> Your instructions: With pictures left out, output exactly the lines of the listing below from the line that has "Mason Kingery tees" to the line that has "The Ella Midi", both lines kept.
Material for this task Start Marker
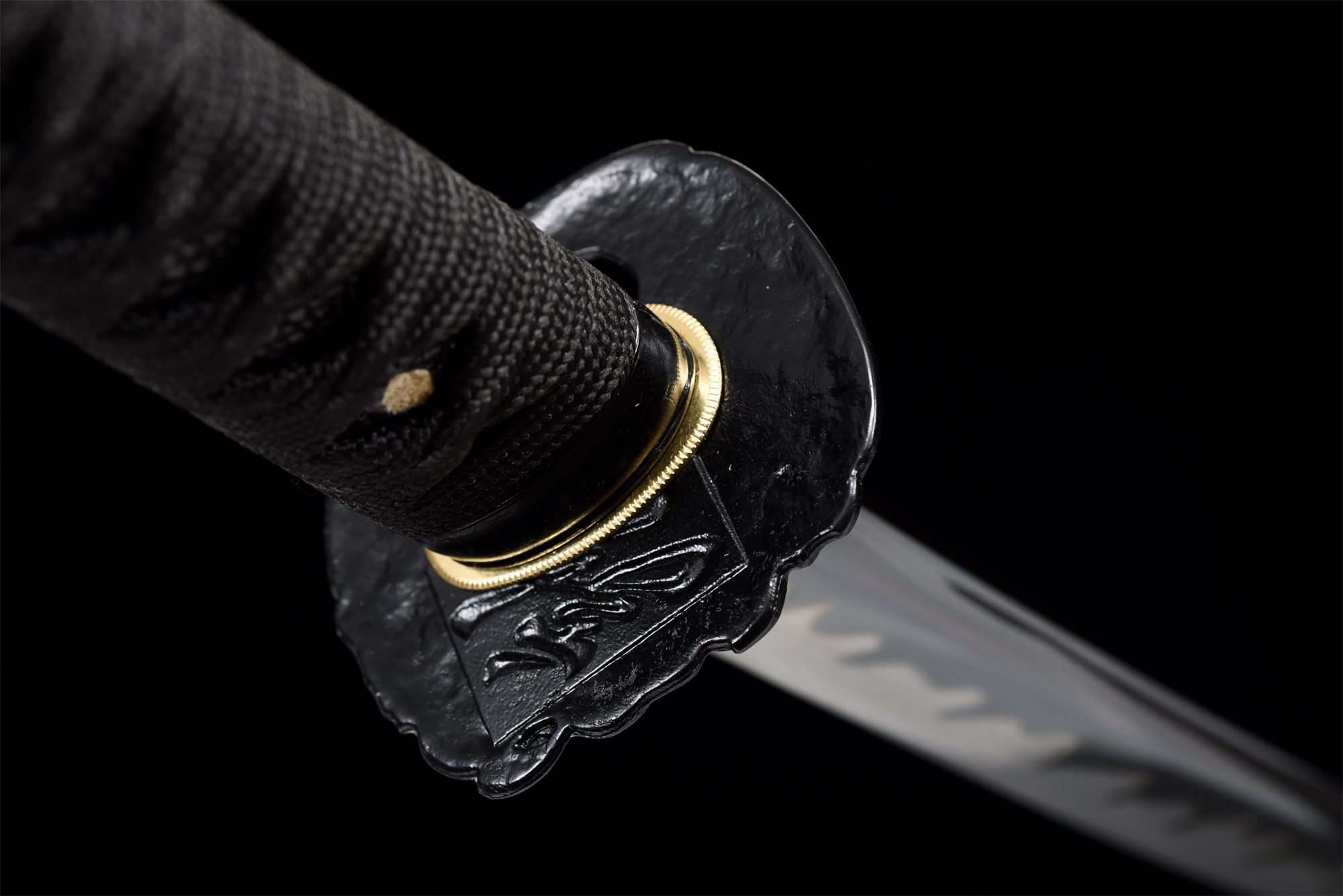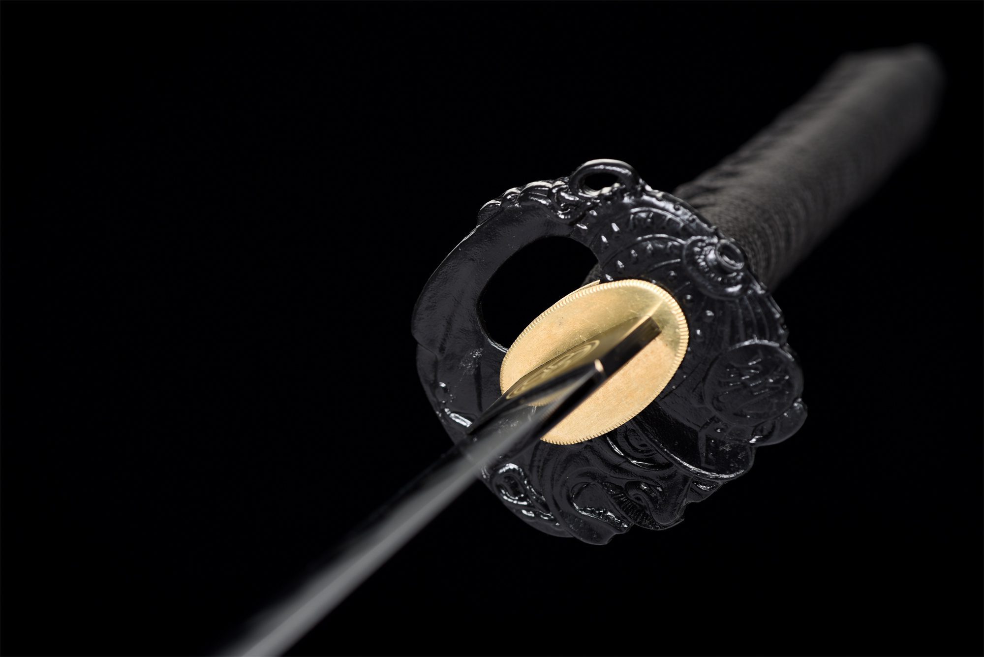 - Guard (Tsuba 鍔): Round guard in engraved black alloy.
Material for this task End Marker
Material for this task Start Marker
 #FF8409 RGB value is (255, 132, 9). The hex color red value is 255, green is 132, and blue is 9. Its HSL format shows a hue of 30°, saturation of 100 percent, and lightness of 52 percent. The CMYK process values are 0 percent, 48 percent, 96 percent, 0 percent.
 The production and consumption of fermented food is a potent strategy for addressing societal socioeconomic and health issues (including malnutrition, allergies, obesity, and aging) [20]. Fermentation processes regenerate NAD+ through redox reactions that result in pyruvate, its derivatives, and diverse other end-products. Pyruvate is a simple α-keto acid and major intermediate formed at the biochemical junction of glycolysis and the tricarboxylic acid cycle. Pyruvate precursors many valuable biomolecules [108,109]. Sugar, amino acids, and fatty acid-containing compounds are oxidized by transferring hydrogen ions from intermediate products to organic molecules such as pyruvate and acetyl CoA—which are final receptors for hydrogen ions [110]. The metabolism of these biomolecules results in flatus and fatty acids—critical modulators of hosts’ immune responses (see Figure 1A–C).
Material for this task End Marker
Material for this task Start Marker
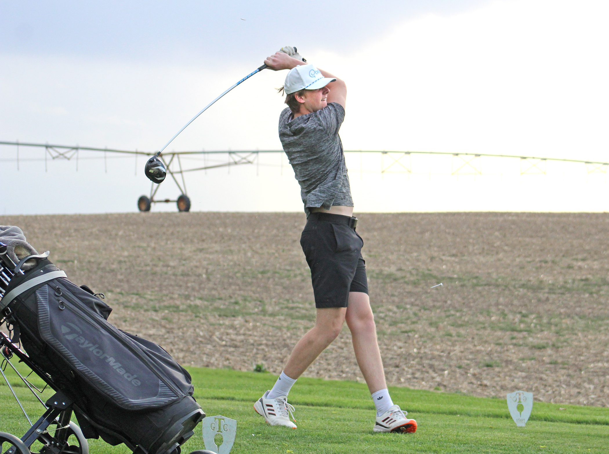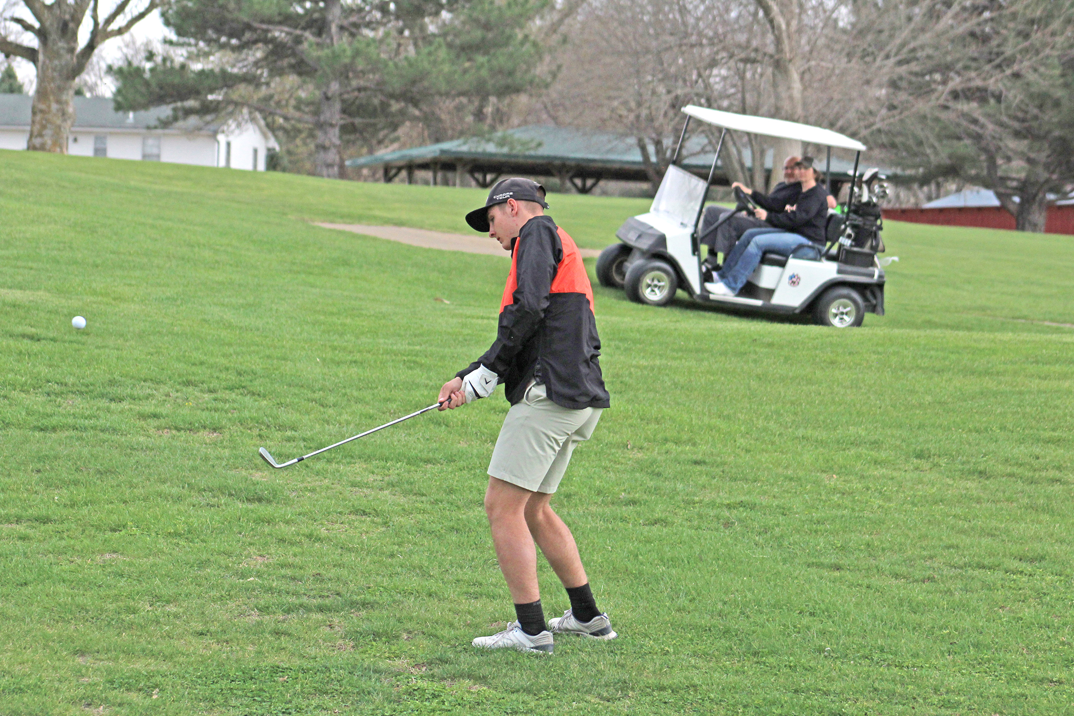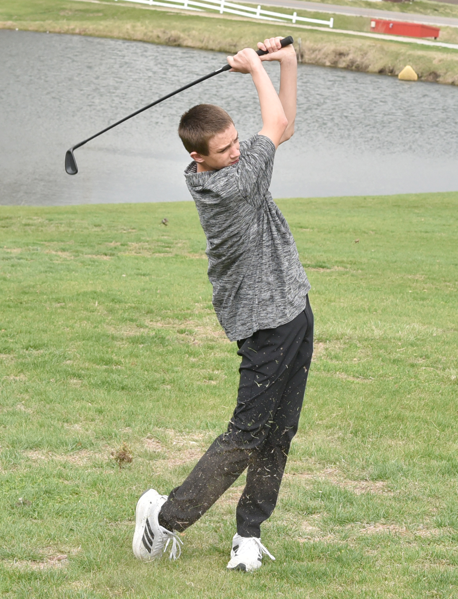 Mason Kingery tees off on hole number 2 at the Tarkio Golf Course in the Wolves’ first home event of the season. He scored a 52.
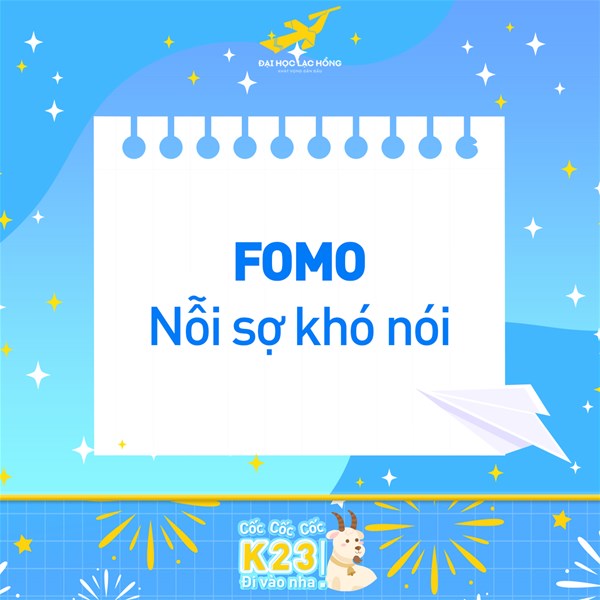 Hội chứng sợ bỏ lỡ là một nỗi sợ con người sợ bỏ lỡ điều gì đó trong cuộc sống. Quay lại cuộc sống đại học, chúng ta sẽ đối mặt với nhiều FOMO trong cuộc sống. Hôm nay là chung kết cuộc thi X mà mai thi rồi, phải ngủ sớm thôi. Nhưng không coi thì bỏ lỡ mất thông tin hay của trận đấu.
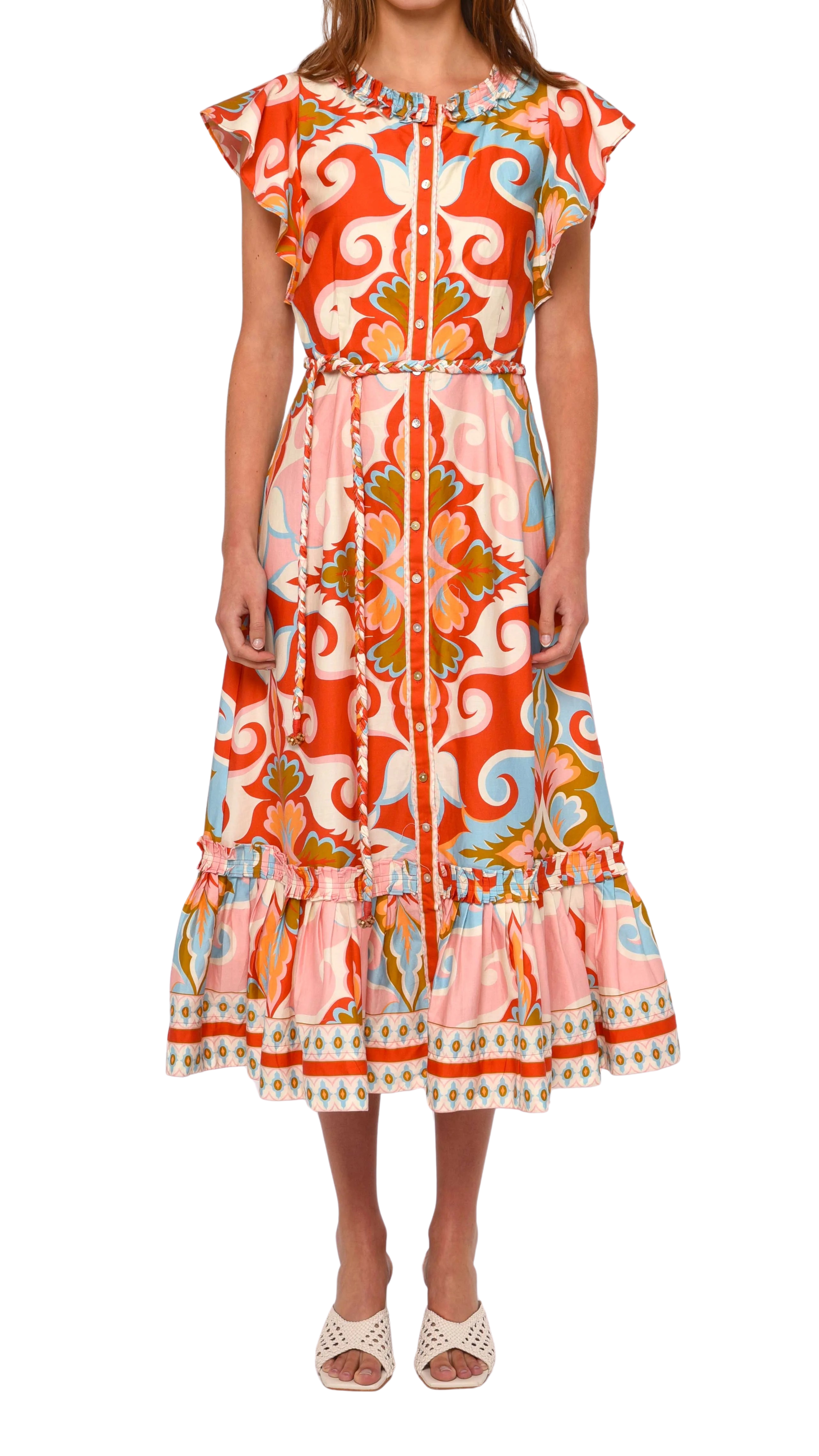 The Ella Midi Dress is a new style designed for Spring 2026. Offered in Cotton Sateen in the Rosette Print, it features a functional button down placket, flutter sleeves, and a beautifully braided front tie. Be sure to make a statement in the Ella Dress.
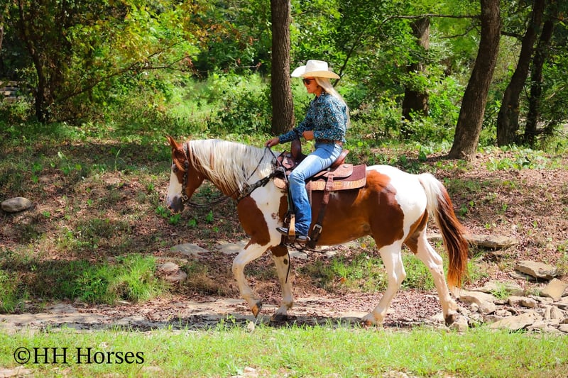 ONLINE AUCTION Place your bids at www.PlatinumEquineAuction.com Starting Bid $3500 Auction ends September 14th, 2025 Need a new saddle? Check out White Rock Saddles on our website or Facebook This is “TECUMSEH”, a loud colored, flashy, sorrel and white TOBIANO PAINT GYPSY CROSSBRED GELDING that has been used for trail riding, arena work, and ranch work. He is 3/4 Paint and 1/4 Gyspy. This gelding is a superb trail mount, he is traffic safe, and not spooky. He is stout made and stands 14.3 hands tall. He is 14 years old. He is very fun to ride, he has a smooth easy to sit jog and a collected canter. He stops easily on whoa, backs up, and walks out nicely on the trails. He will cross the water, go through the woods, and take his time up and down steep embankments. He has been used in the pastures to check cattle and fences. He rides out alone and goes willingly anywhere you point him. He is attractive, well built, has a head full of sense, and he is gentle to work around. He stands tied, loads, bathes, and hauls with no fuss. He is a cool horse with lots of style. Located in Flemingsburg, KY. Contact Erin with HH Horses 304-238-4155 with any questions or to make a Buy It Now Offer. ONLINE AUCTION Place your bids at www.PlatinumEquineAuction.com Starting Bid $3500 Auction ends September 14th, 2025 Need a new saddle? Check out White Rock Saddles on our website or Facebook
Material for this task End Marker
> Answer box:
 Mason Kingery tees off on hole number 2 at the Tarkio Golf Course in the Wolves’ first home event of the season. He scored a 52.
 Hội chứng sợ bỏ lỡ là một nỗi sợ con người sợ bỏ lỡ điều gì đó trong cuộc sống. Quay lại cuộc sống đại học, chúng ta sẽ đối mặt với nhiều FOMO trong cuộc sống. Hôm nay là chung kết cuộc thi X mà mai thi rồi, phải ngủ sớm thôi. Nhưng không coi thì bỏ lỡ mất thông tin hay của trận đấu.
 The Ella Midi Dress is a new style designed for Spring 2026. Offered in Cotton Sateen in the Rosette Print, it features a functional button down placket, flutter sleeves, and a beautifully braided front tie. Be sure to make a statement in the Ella Dress.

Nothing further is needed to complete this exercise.